TO CELEBRATE THE UPCOMING RELEASE OF OUR 107TH 33/13 ON BEAT HAPPENING, WE’RE PLEASED TO BRING YOU THE VERY FIRST INSTALLMENT OF BEAT HAPPENING WEEK BY AUTHOR BRYAN PARKER !
Shortly after I moved to Austin, TX for university in 2001, I began to frequent the now defunct record store 33 Degrees north of campus, where Phil Waldorf (who’s now a partner in Dead Oceans/Secretly Canadian) sold me CDs and kept me headed in the right direction.
It was in that store that I picked up a curious and slim CD from an end cap. It wasn’t a jewel case, a fact that immediately piqued my interest. The album cover featured an illustration of an elephant in a nighttime forest turned sideways. The trees were oddly rudimentary, but I loved the drawing at once. I flipped the case over to find different sizes of handwriting delineating the album’s twenty songs. And there, at the bottom center, was the K, surrounded by a crude shield.
After that, the K kept appearing on albums I liked—not only on records by Beck and Modest Mouse, but also lesser-known artists I found as I dug deeper into music coming out of the independent underground—early recordings by Mirah, The Blow, and Karl Blau. Around 2004, my then girlfriend made me a mix CD—still likely the best mix I’ve ever received—which not only featured songs by great bands like Big Star and New Order but also leaned heavily on twee pop and included Beat Happening’s track “fourteen.”
It likely took months before I worked my way through all the artists and songs on the CD, meticulously researching the albums from which the songs derived, the bands’ discographies, and related artists. This was the era of long hours of listening to albums on discmans set up in used CD stores and researching via web forums. I remember that I listened to the mix enough to have completely internalized the song’s bouncing lyrics—“We were wearin’ our pajamas / We were eatin’ some bananas / I wanna tell you how / I wanna be your pal”—long before I grasped Beat Happening’s place in this thing called K with which I was already loosely familiar.
Eventually pieces began to fall into place, and my admiration for the work of Beat Happening grew with each little discovery. In fact, through my roles as a writer, researcher, and pop culture historian, I’ve found some kinship in conversations with Calvin. He has discussed always wanting to find the original any time he learns a song is a cover. I can relate to this line of thinking. I’ve never been satisfied to hear a song in isolation on the radio or in a random friend’s car or in a café; I always need to know more. A little bit of digging always turns up a new path to follow and then another. Ultimately, I guess it’s that kind of digging that led me to want to write a book about a band that I believe deserves an entry in the pages of music history.

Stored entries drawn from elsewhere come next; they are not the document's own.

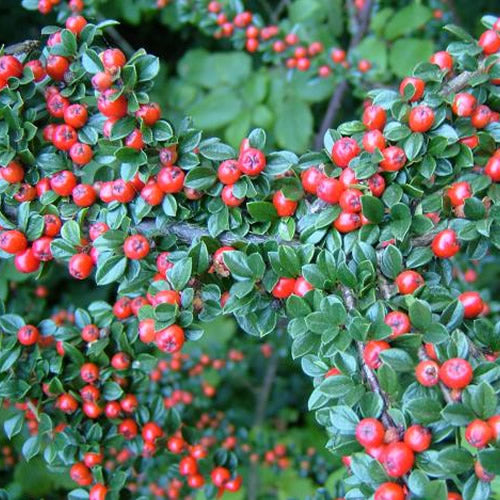 Cotoneaster Horizontalis is a spreading dwarf deciduous shrub with distinctively flat regularly branched sprays of foliage with small glossy leaves that turn orange and red in autumn/winter, with pink-tinged flowers and red berries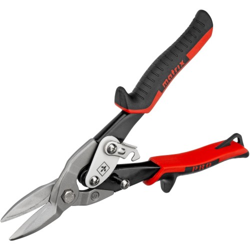 Ножницы по металлу Matrix PRO 78322 длиной 250 мм, из стали CrMo, с двухкомпонентными рукоятками, предназначены для прямого реза листовых и профильных металлических заготовок, в том числе стали толщиной до 1,2 мм и нержавеющей стали толщиной до 0,8 мм. Двойной рычажный механизм позволяет прикладывать значительное усилие при резке толстого материала. Для удобства работы на корпусе имеется маркировка с указанием направления резания. Ножницы будут полезны в профессиональной и домашней мастерской. Преимущества Долговечность — режущие губки из высокотвердой хромомолибденовой стали устойчивы к нагрузкам, масляное покрытие защищает лезвия от коррозии. Высокий ресурс — рабочие кромки, закаленные индукционными токами до твердости 55-60 HRC, долго сохраняют режущую способность. Эргономичность — двухкомпонентные рукоятки с рифленой поверхностью не выскальзывают из ладони, а упоры для пальцев обеспечивают безопасность во время работы. Удобное хранение и транспортировка — блокировочный замок не дает ножницам раскрыться, на рукоятке имеется петля для подвешивания инструмента.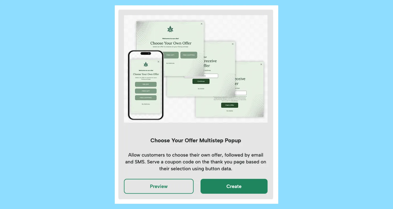 A brand new Theme just dropped and it's a fun one: choose your offer! Give your uses a chance to pick their own offer "10% or Free Shipping" or really anything else. This is a fun way to mix up your offers and also see what your customers are excited about. We can give you metrics on what they choose too and you can of course AB test to make sure it doesn't take your existing conversion rate.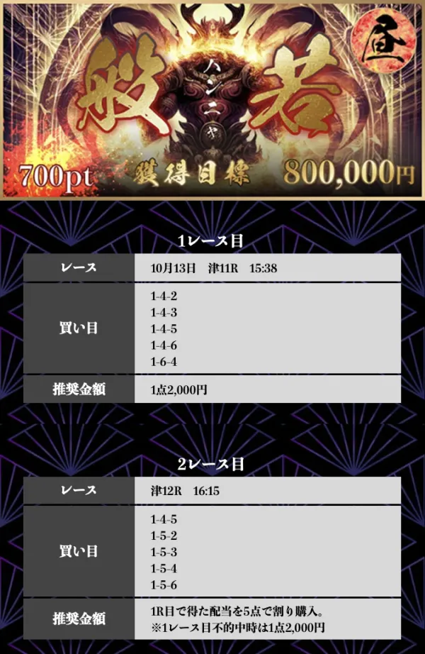観音は、情報料4万円(400pt)、獲得目標50万円の2レースコロガシプランとなっている。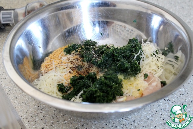 Смешала в миске куриный фарш, шпинат, пармезан, панировочные сухари, чеснок, бульон, яйцо, лук, добавила соль и перец. Оставила постоять минут 10, чтобы сухари впитали жидкости побольше и проще было готовить дальше. Хорошо вымесила.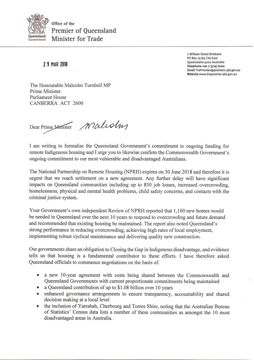 @TurnbullMalcolm telling him Qld will contribute $1.08 billion towards a new 10 year remote indigenous housing partnership. The PM must now stop the politics and stump up his share#DontWalkAway#CloseTheGap@MickdeBrennipic.twitter.com/Sznm50xjTn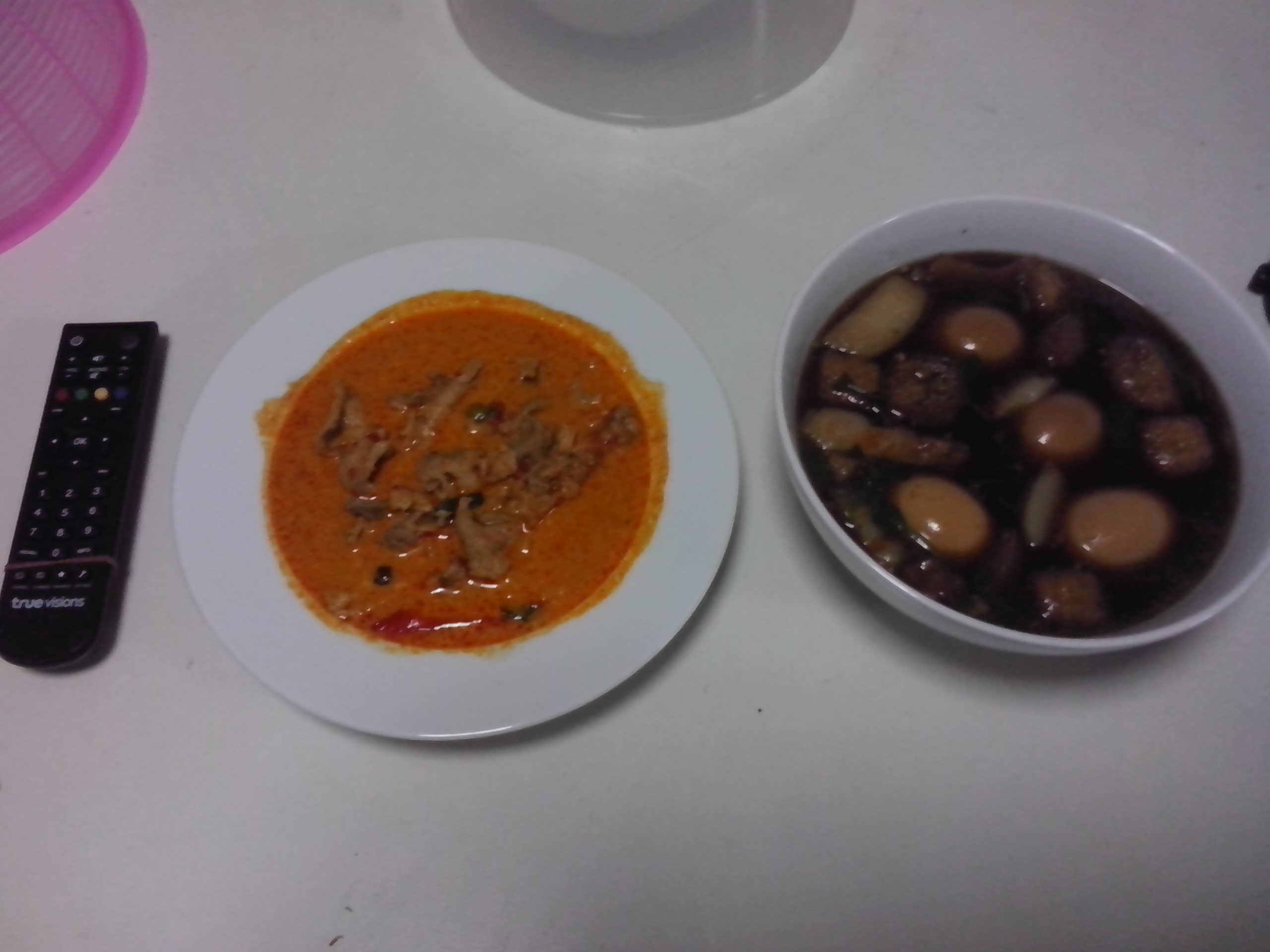 เมื่อเช้านี้ ผมไปซื้อกับข้าวที่หน้าตลาดวัดทุ่งครุ่ เป็นแผงลอยนะครับ ถนนประชาอุทิศ .ผมเลือกกับ2อย่างคือแพนงหมูกับพะโล้ไข่4ฟอง .ผมถือแบงค์ร้อยคิดว่าเหลือๆ .พอเค้าคิดตังผมรู้สึกเหมือนโดนปล้นซึ่งๆหน้าเลยครับ .เค้าบอก120บาท ผมโครตอึ่งเลย เวลานั้นผมซื้อคนเดียวไม่มีใครเลย จะว่าคิดผิดผมก็ถามย้ำแล้วเค้าก็ยืนยัน120บาท .โอ้แผงลอยนะเนี้ยอะไรจะแพงเวอร์ขนาดนั้น .ผมถ่ายรูปเทียบกับรีโมททรูให้ดูว่าแค่นี้จริงๆ .

The work of cataloguing music’s history should concern documenting not only popular bands that garner fame but also bands that quietly expand our notions of art and inform artists who follow. Beat Happening operated as progenitors in just this way by proving that one could make music by oneself, without credentials, without restriction, and without following cultural guidelines. It was the ethos they endowed rather than a sound—a contribution that lasts forever rather than the course of one musical trend. Many see K’s roster as terribly disparate, but the label’s discography is cohesive in that the artists all remain wholly committed to an artistic vision and are willing to take risks. Beat Happening had everything to do with Phil Elverum’s band The Microphones. Phil himself has remarked that being granted the basic premise that one could “do whatever” created the space that made his art possible.
Even that music industry juggernaut Nirvana owes something to Beat Happening and K Records. Music writers have noted the Beatles’ indisputable influence on Nirvana, and while this remains true, the model that embodied the simplicity of pop in Kurt’s own community was Beat Happening, who also served as an example to young musicians that making music was a tangible reality and not just some distant dream relegated to the sounds mysteriously engraved in grooves of vinyl. Coupled, these two truths clearly informed Kurt Cobain’s music. Need proof? Look no further than the K Records tattoo on Kurt’s left forearm. Of course, in my book, Nirvana is, as here, mentioned only briefly and peripherally; I want to live in a world where Nirvana is the footnote to Beat Happening, not the other way around.
It’s a little bewildering that a little band from Olympia, Washington started a project that made waves that have touched so many people. Phil Elverum, Kurt Cobain, me, all of us—hanging out in the house of K. The network Beat Happening and K Records spawned echoes the essential and indefinable quality of music itself. It might sound cheesy, but music for me has been this expansive net that has ensnared a vast range of people, places, and experiences, holding us all together in some way. I can’t help but be thankful for all of the people and occurrences along the way. So, thanks, Calvin, Bret, and Heather; Phil Waldorf and Phil Elverum; 33 Degrees; Austin, TX; Mirah; Khaela; Mariella Luz; Olympia, WA; Ally Jane Grossan; David Barker; 33 1/3; and everything connected to everything else.